One of the prisoners at the end of the line suddenly spun around and made a run for it to the woodline. ‘Jesus,’ I said out loud. ‘Don’t do it.’
There were shouts and the other prisoners fell flat on their faces. After another couple of shouts one of the militiamen raised his rifle and popped off three or four rounds, the muzzle flashes very bright. The soldier trying to make a run for it flopped to the ground without making a sound. More shouting, and the militiamen kicked at the prisoners lying in the dirt as if it was their fault. A couple more militiamen and some militia women came up and examined the shot prisoner, and he was dragged away. His comrades were kicked again, then dragged to their feet and they started shuffling away once more. Not one of them looked back at the body being dragged away. Not one.

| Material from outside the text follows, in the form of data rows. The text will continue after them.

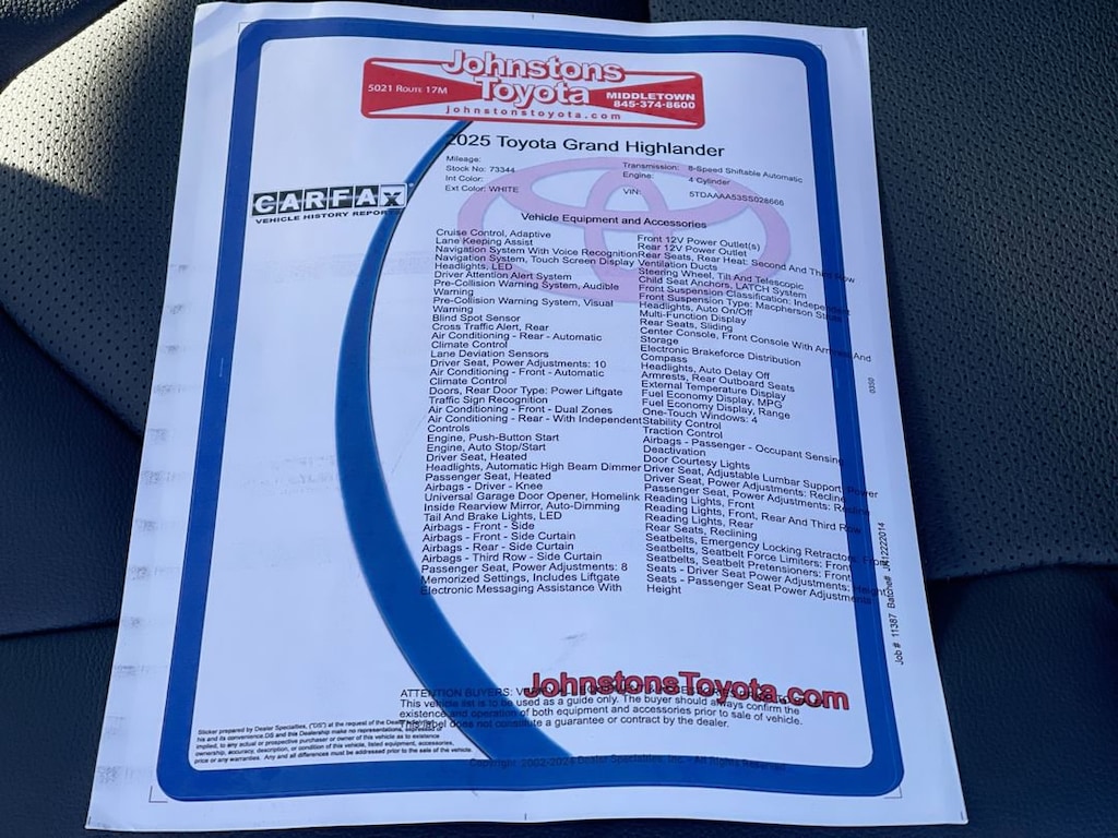 This vehicle is a 2025 Toyota Grand Highlander, a low mileage vehicle with 5,134 miles. It is equipped with a 2.4 liter 4 cylinder engine, turbocharged, and FWD, making it an ideal choice for any driver. The vehicle's exterior is a sleek, wind chill pearl color, while the interior is finished in a luxurious black. Vehicle features include blind spot sensor, hill start assist, navigation system with voice recognition, and navigation with touch screen display. This car is sure to make any journey more enjoyable and safe. Johnstons Toyota is located in New Hampton, NY and proudly serves Warwick, Middletown, and Newburgh, New York. We are a premier Toyota Dealer in New York providing a full line of new and used cars , trucks, vans, and SUVs.
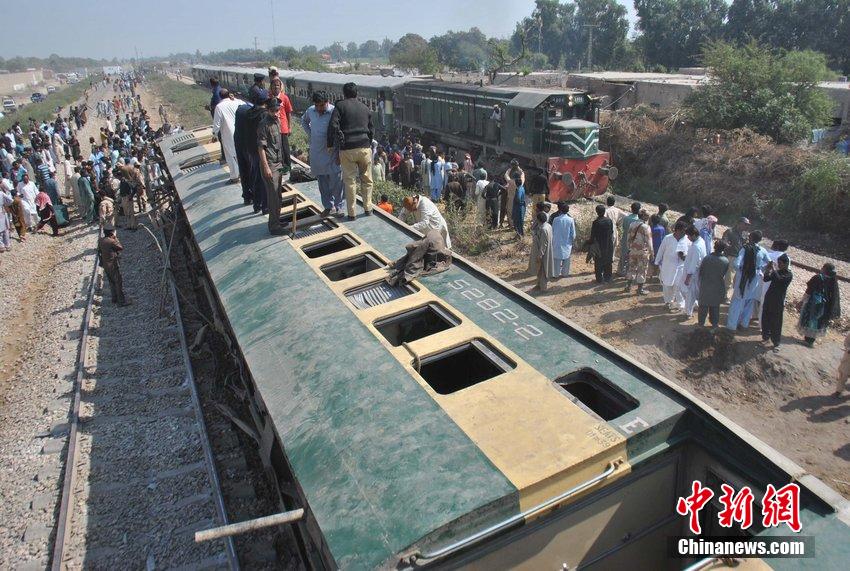 当地时间2015年2月14日,巴基斯坦海德拉巴,当地一列从拉合尔开往卡拉奇的火车发生脱轨事故,导致大约30人受伤,其中一些人伤势严重。
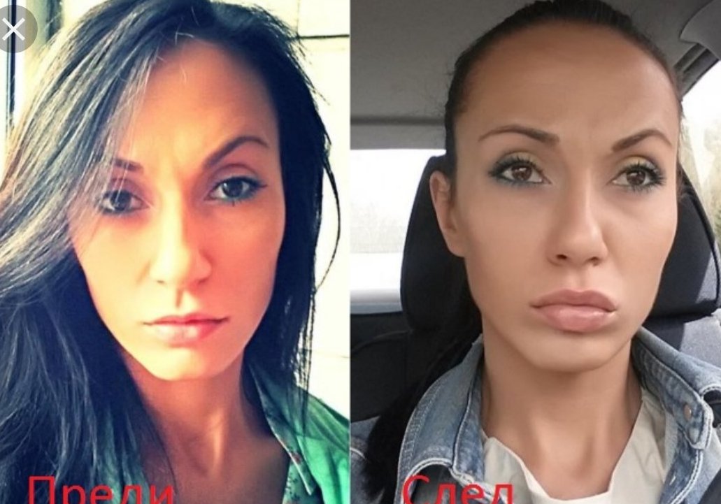 Само тая "работа" с устата хич не ни харесва. Защо, бе, дами? Защо се обезобразявате така? Хайде, днес си слагат хиалурон, той се резорбира, ами едно време с тоя силикон бая девойки се осакатиха. Познавам една такава, карикатура и страшилище с вулгарен привкус- за вечни времена, а иначе беше красиво, нежно момиче.

I moved away from the window and then stretched out on the mattress. I stared up at the metal ceiling of the school bus, trying not to think about anything much. Later the lights slowly dimmed until they were barely glowing and I kept on staring up, still trying not to think. I got up and looked outside for one last time and saw that almost all the lights in the camp were dimmed as well.
Night had fallen.
Later in the night there was the sound of helicopters, low overhead. I rolled off the mattress and went to the window again, my heart thumping. A UN raiding party, maybe -God, wouldn’t that be wonderful. A quick search-and-rescue, and I could be out of here in a matter of minutes.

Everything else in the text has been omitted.